**What is expected:**
Repeat the listing that follows character for character, omitting images.

**Input data:**
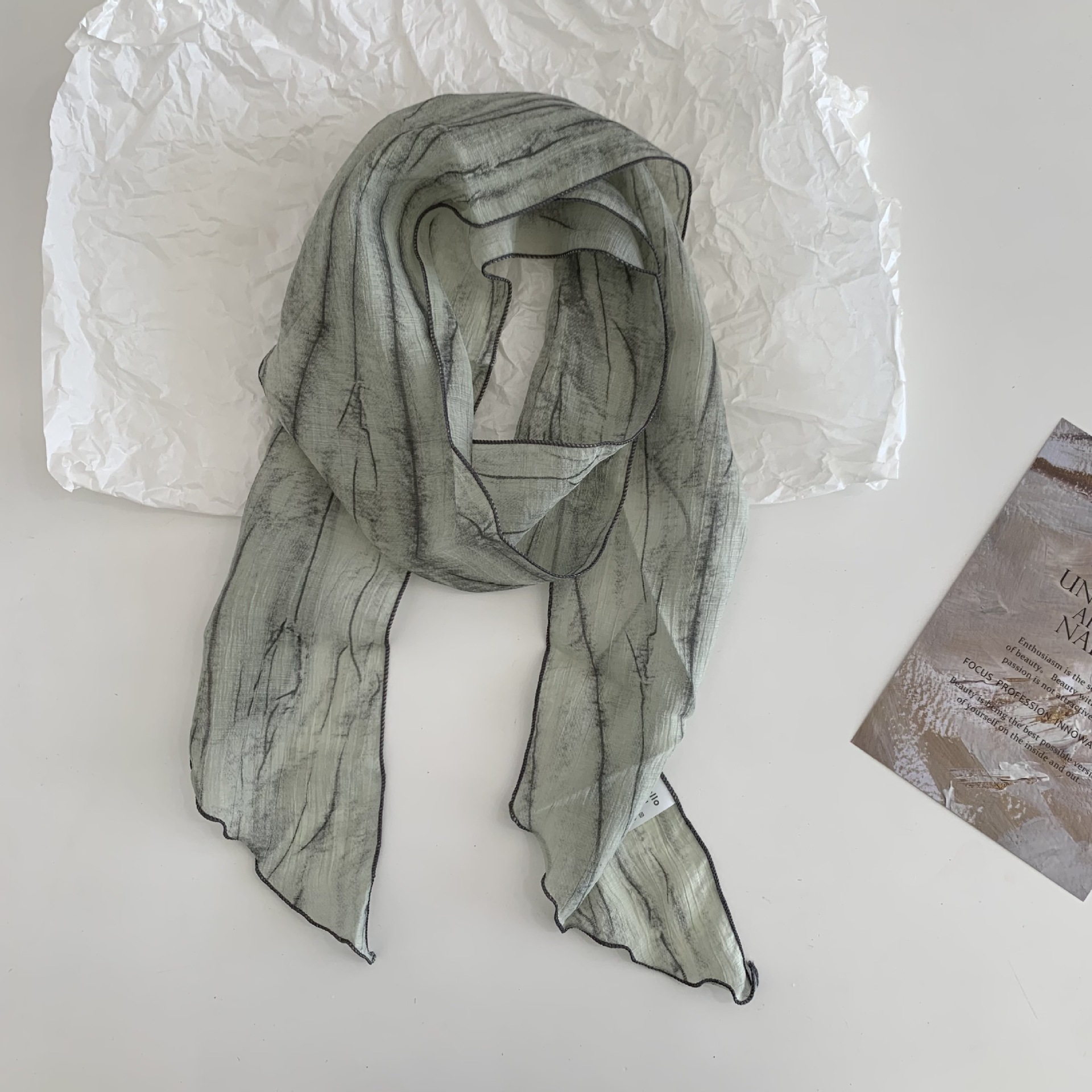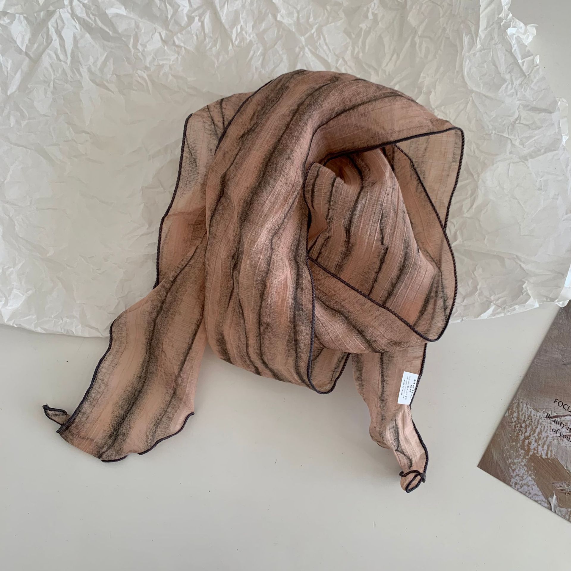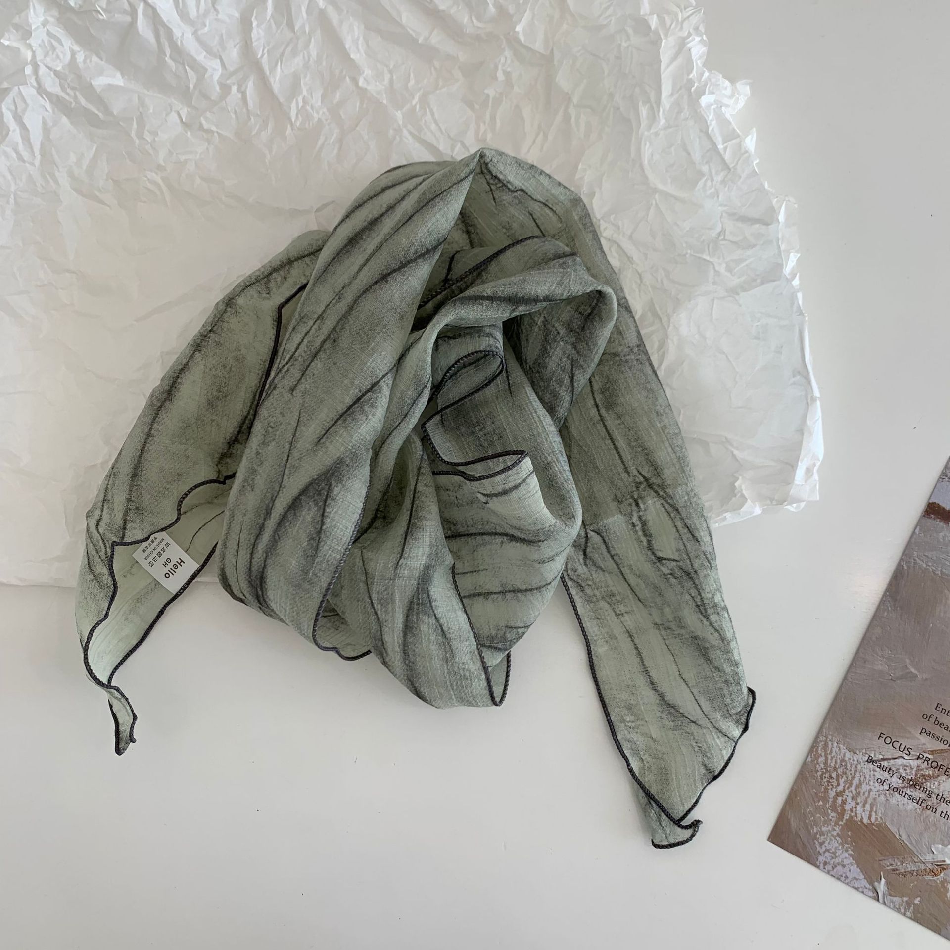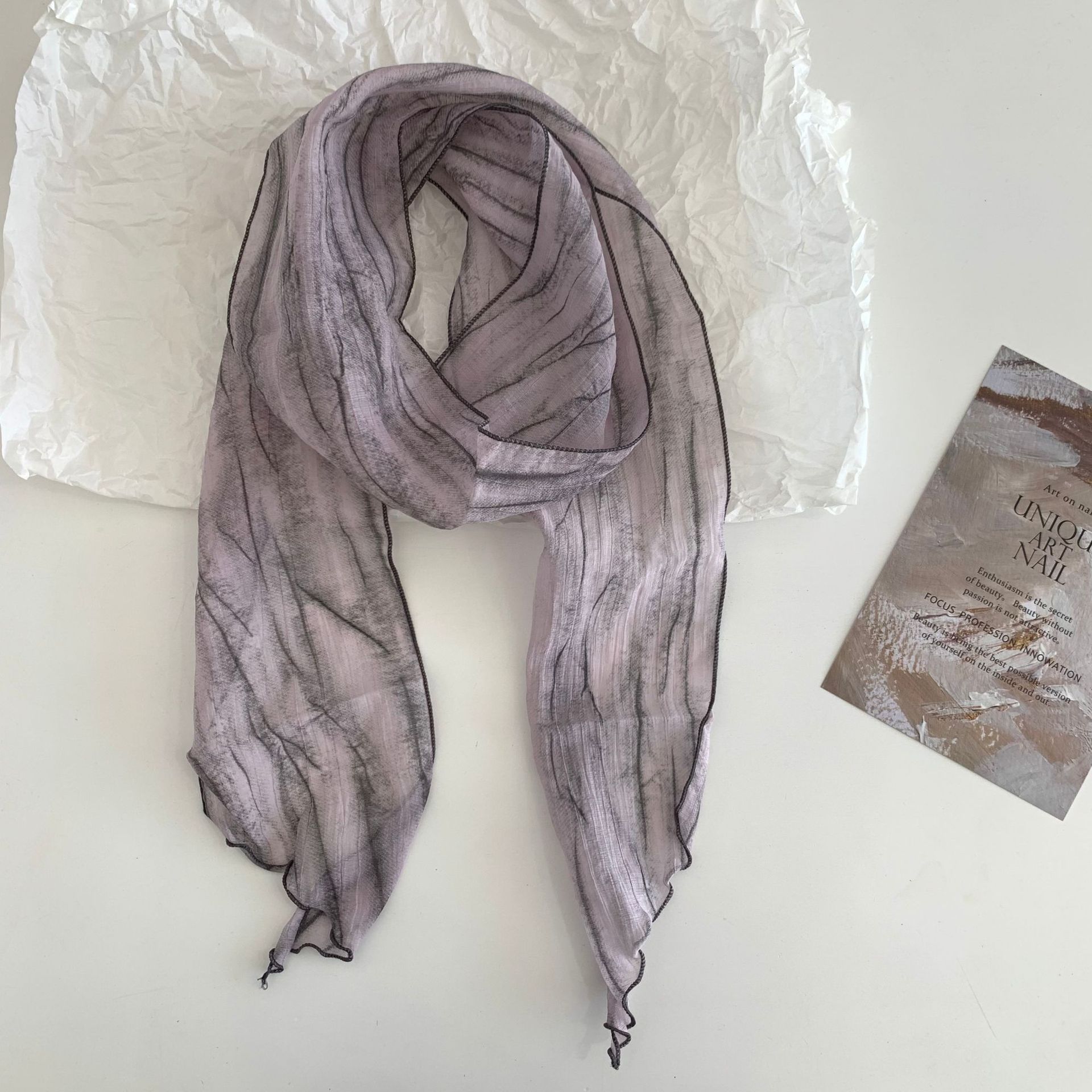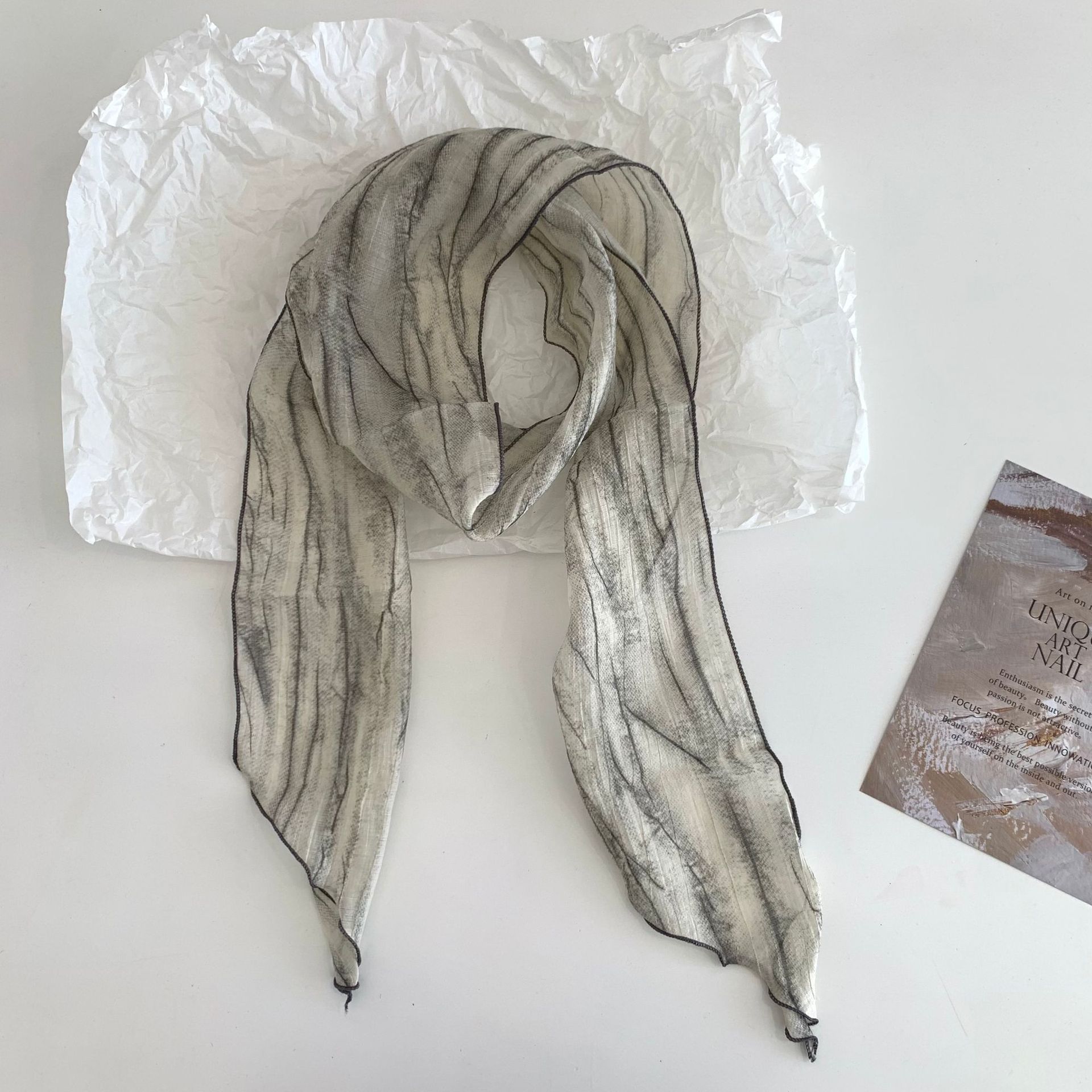 시원한 느낌 ~ 넥타이 염색 줄무늬 날씬한 작은 리본 여성의 여름 선 스크린 목 스카프 작은 스카프 조커 작은 스카프스토어 가기
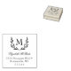 Élégant timbre d'adresse de retour avec une couronne de laurier autour d'un monogramme. Customisez ce produit en ajoutant votre nom, votre initiale et votre adresse. Belle police de script est utilisée pour votre nom.
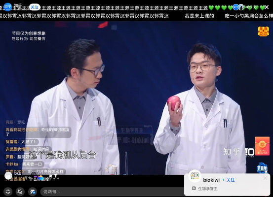 知乎答主现场作答,吃一小勺大肠杆菌会怎样?吃一小勺星云会怎样?等知乎宇宙热门话题,弹幕直呼,太硬核了,这很知乎!信息量太大了,我在知乎看晚会,上网课!
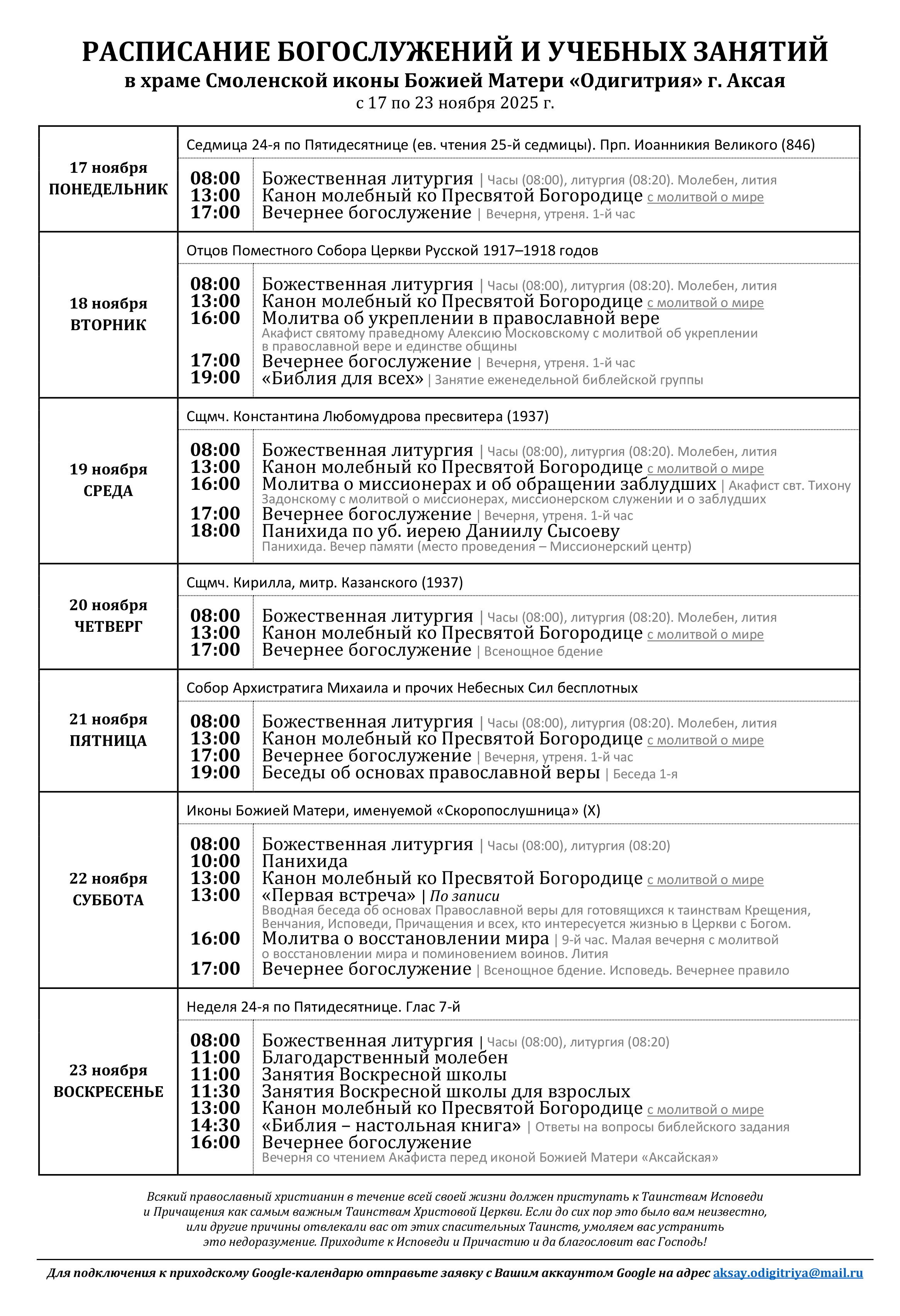 Что еще нужно: Соучастие в Литургии. Выучить наизусть из книги Исход 20 главы 2-17 стихи. Продуктовый набор для нуждающихся** (4 раза)

**Answer space:**
 시원한 느낌 ~ 넥타이 염색 줄무늬 날씬한 작은 리본 여성의 여름 선 스크린 목 스카프 작은 스카프 조커 작은 스카프스토어 가기
 Élégant timbre d'adresse de retour avec une couronne de laurier autour d'un monogramme. Customisez ce produit en ajoutant votre nom, votre initiale et votre adresse. Belle police de script est utilisée pour votre nom.
 知乎答主现场作答,吃一小勺大肠杆菌会怎样?吃一小勺星云会怎样?等知乎宇宙热门话题,弹幕直呼,太硬核了,这很知乎!信息量太大了,我在知乎看晚会,上网课!
 Что еще нужно: Соучастие в Литургии. Выучить наизусть из книги Исход 20 главы 2-17 стихи. Продуктовый набор для нуждающихся** (4 раза)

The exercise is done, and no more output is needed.